Upon the death of his Arshusha, Varsken went to Ctesiphon and was received by the Sasanian shahanshah Peroz I, converting to the family's former religion, Zoroastrianism. He also shifted his allegiance from the Christian Iberian monarchy to the Sasanian Empire. As a reward for his conversion, he was given the viceroyalty of Caucasian Albania and a daughter of Peroz in marriage.

The basilica of Bolnisi Sioni in Iberia is a testimony of the growing Sasanian influence there. It was constructed in 478/479 in the southern part of the country, which had fallen under the control of the Mihranids. The iconography of the basilica showed Iranian characteristics, while its inscription, written in Old Georgian, mentions the shahanshah Peroz I. Under Varsken and his predecessors, the city of Tsurtavi was transformed into one of the seats of the bidaxshate. The reports of the contemporary Iberian historian Iakob Tsurtaveli indicates that Varsken was a sovereign in his own right, and acknowledged the suzerainty of the shahanshah only as a counterbalance to the Iberian kings.

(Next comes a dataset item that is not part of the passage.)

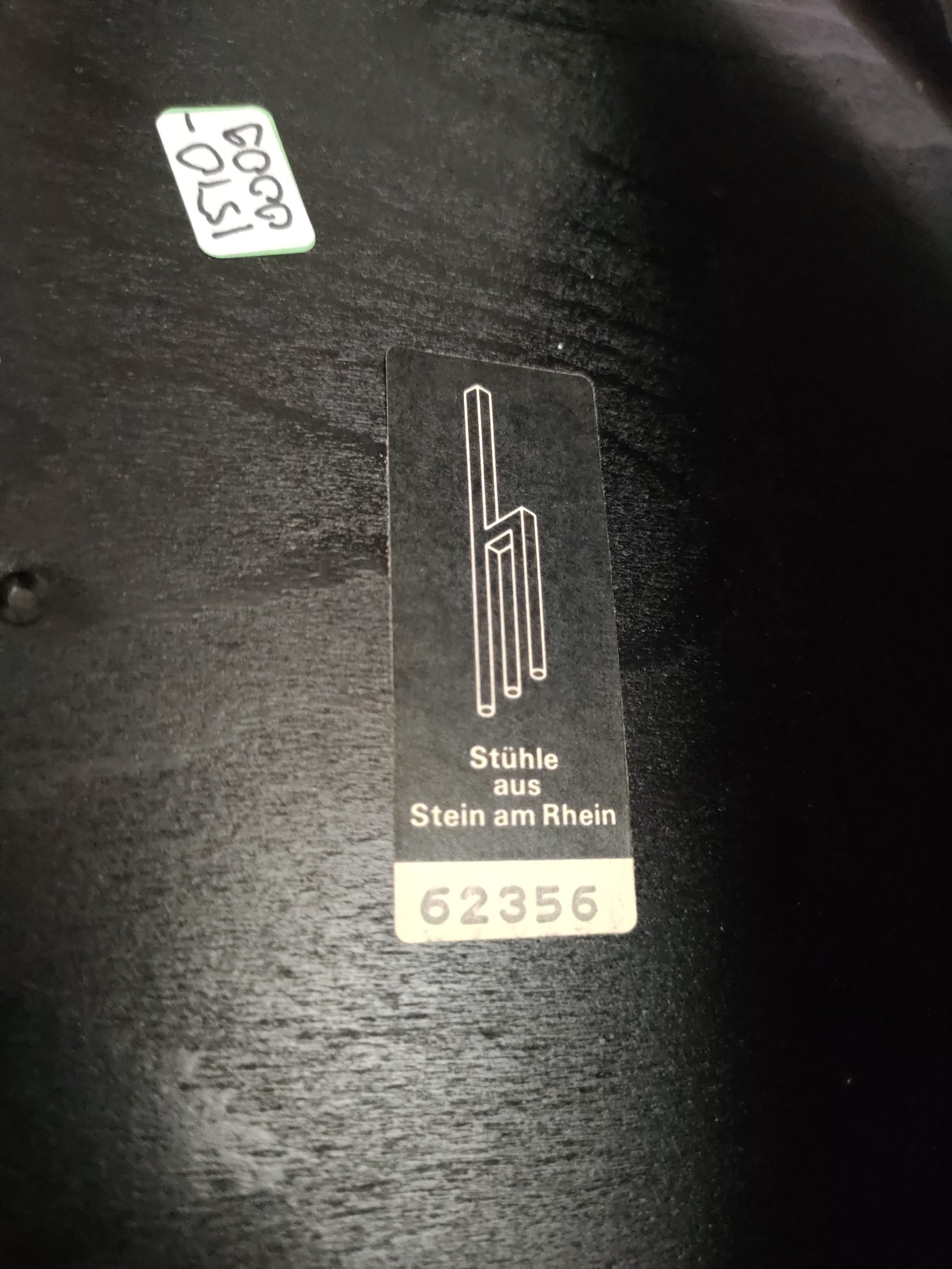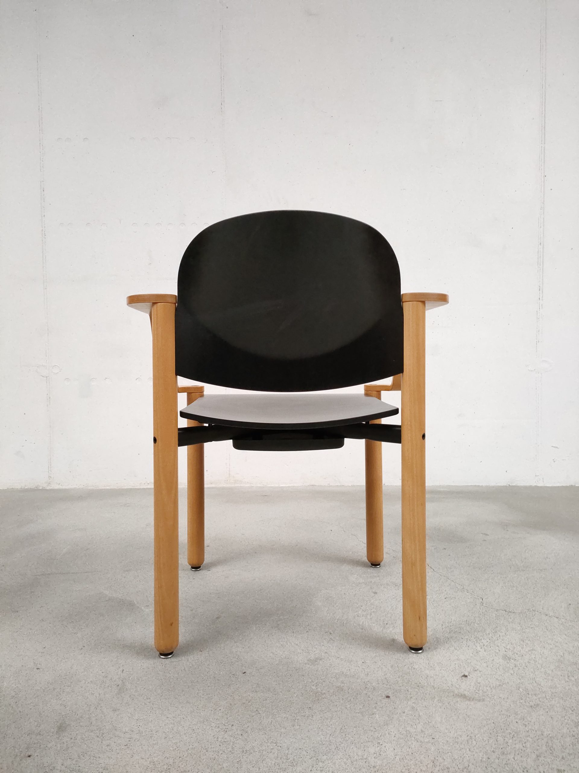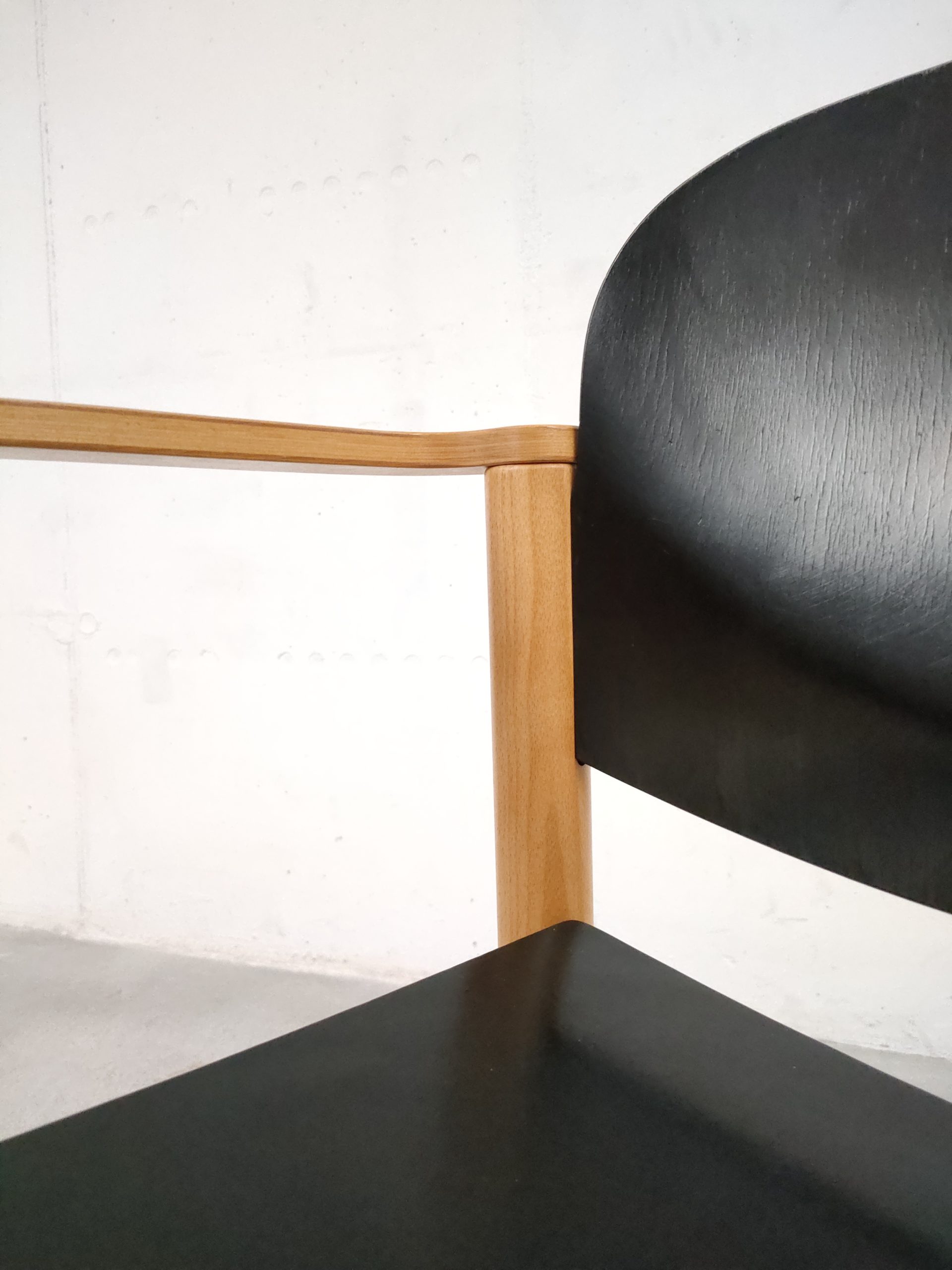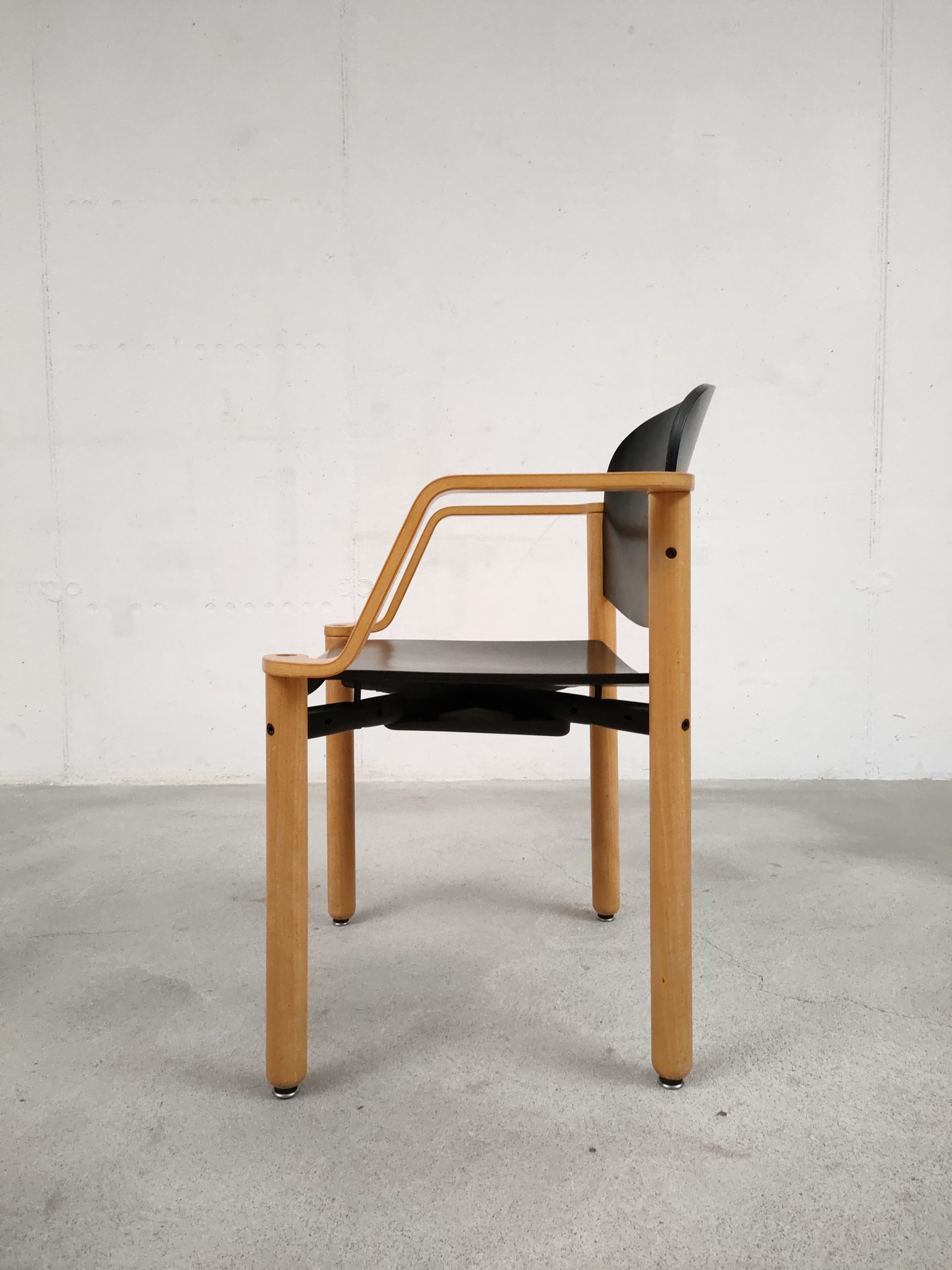 Produit venduChaise empilable avec structure en bois clair et assise et dossier en bois peint en noir. Produite par le fabricant suisse Dietiker.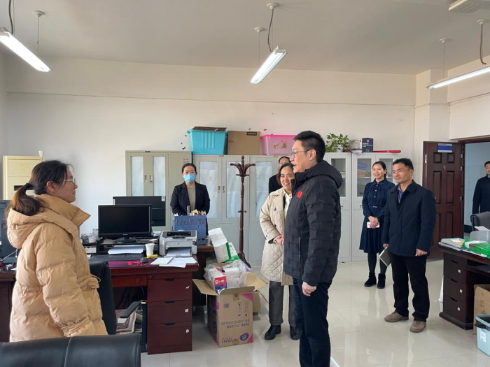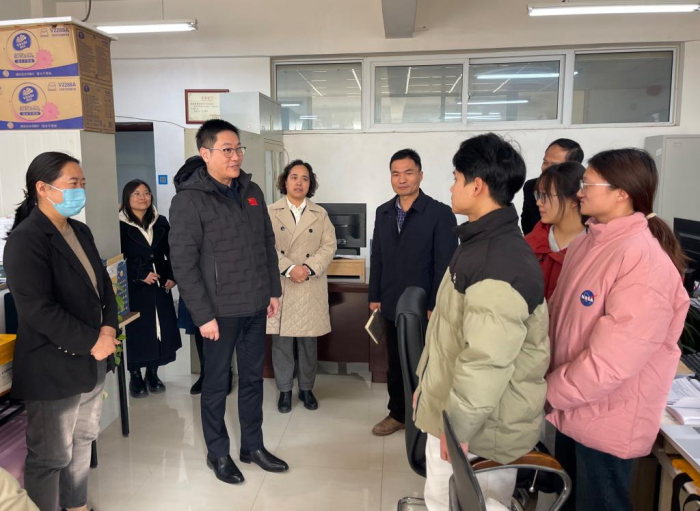 调研中,厉励深入公司各教研室与办公室,每到一处都与师生亲切交谈,详细询问大家工作、学习和生活情况,并向大家致以新年的诚挚问候和美好祝福。

Espousing his pro-Iranian position, Varsken attempted to force his family to convert to Zoroastrianism, including Shushanik, which eventually resulted in her martyrdom, dying from the violence inflicted by her husband. His Zoroastrianizing efforts were seemingly only limited to that of his family. There are no reports of attempts to convert his Christian subjects, and the main source for Shushanik's life—the Martyrdom of the Holy Queen Shushanik—does not consider the martyrdom of his wife as part of a systematic Christian persecution. His policies were unacceptable to the Iberian king Vakhtang I, who had him killed and then revolted against Iran in 482. Varsken was succeeded by Arshusha III.

== Sources ==
- Bonner, Michael (2020). "The Last Empire of Iran"
- Dédéyan, Gérard (2007). "History of the Armenian people"
- Histoire de l'Arménie: des origines à 1071, Paris, 1947.
- Grousset, René (1947). "Histoire de l'Arménie des origines à 1071"
- Kia, Mehrdad (2016). "The Persian Empire: A Historical Encyclopedia [2 volumes]: A Historical Encyclopedia"
- Rapp, Stephen H. (2014). "The Sasanian World through Georgian Eyes: Caucasia and the Iranian Commonwealth in Late Antique Georgian Literature"
- Suny, Ronald Grigor (1994). "The Making of the Georgian Nation"
- Toumanoff, Cyril (1961). "Introduction to Christian Caucasian History: II: States and Dynasties of the Formative Period"
- Toumanoff, Cyril (1963). "Studies in Christian Caucasian history"
- Toumanoff, Cyril (1969). "Chronology of the early kings of Iberia"
- Toumanoff, Cyril (1990). "Les dynasties de la Caucasie Chrétienne: de l'Antiquité jusqu'au XIXe siècle : tables généalogiques et chronologiques"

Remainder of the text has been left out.